● Exercise details: Nothing but the lines from the first line of the material below through the line that holds "Fotó: Kovács József *" should be set down, exactly and with pictures left out.

● Given entries:
=====

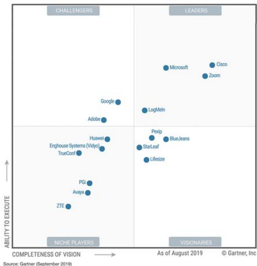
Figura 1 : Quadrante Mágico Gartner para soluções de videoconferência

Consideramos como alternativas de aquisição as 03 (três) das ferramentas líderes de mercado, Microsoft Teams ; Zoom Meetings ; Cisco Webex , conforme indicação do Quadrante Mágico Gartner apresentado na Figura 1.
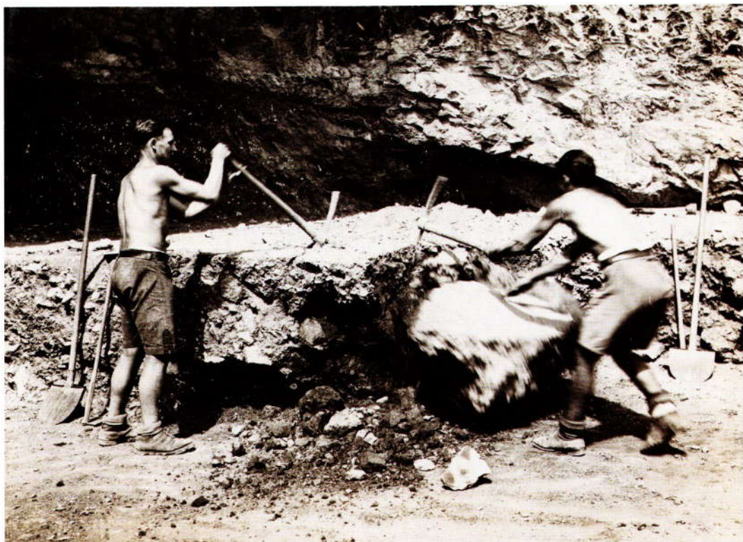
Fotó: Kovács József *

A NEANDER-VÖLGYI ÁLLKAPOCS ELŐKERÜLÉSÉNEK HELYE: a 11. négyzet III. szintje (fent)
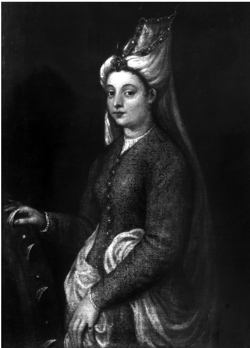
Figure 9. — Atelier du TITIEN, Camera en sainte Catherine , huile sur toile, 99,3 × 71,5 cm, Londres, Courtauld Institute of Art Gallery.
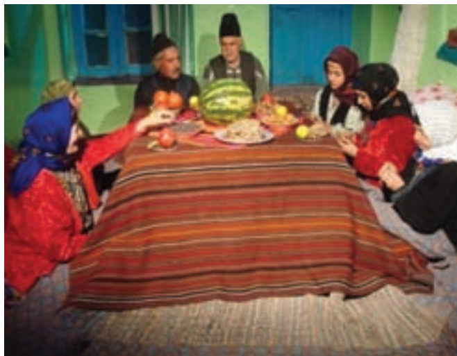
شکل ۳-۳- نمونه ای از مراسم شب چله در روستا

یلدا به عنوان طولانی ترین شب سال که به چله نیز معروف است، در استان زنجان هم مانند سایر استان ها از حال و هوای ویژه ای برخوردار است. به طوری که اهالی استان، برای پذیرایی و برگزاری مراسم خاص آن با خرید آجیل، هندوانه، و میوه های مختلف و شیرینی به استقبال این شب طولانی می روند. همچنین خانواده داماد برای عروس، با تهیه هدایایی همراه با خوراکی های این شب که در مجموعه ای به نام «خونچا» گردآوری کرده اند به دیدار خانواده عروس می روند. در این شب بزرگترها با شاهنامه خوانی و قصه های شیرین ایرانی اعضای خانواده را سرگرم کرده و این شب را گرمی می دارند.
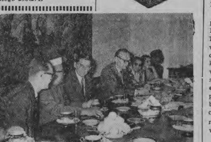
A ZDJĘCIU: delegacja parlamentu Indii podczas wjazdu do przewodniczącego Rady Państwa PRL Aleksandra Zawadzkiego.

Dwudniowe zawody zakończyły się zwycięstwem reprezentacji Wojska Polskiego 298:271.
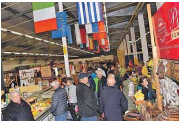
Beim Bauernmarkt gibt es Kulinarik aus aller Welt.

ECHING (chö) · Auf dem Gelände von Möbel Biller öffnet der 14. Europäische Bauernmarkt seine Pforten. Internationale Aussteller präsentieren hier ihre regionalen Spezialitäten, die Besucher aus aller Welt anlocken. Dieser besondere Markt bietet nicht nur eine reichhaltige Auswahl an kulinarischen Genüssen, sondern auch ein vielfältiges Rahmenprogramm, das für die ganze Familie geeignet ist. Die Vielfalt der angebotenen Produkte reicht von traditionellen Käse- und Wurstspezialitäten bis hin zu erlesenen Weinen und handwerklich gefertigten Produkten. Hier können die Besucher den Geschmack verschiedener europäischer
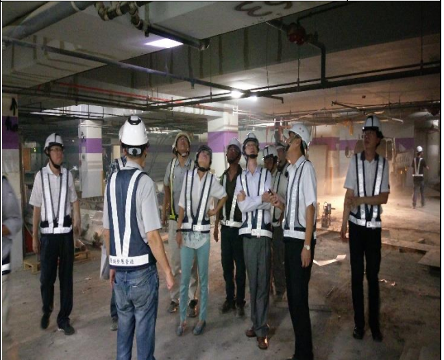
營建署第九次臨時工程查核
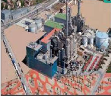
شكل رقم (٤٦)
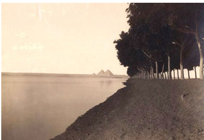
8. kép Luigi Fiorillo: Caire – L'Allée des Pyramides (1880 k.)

=====

● Solution for this problem:
Figura 1 : Quadrante Mágico Gartner para soluções de videoconferência

Consideramos como alternativas de aquisição as 03 (três) das ferramentas líderes de mercado, Microsoft Teams ; Zoom Meetings ; Cisco Webex , conforme indicação do Quadrante Mágico Gartner apresentado na Figura 1.
Fotó: Kovács József *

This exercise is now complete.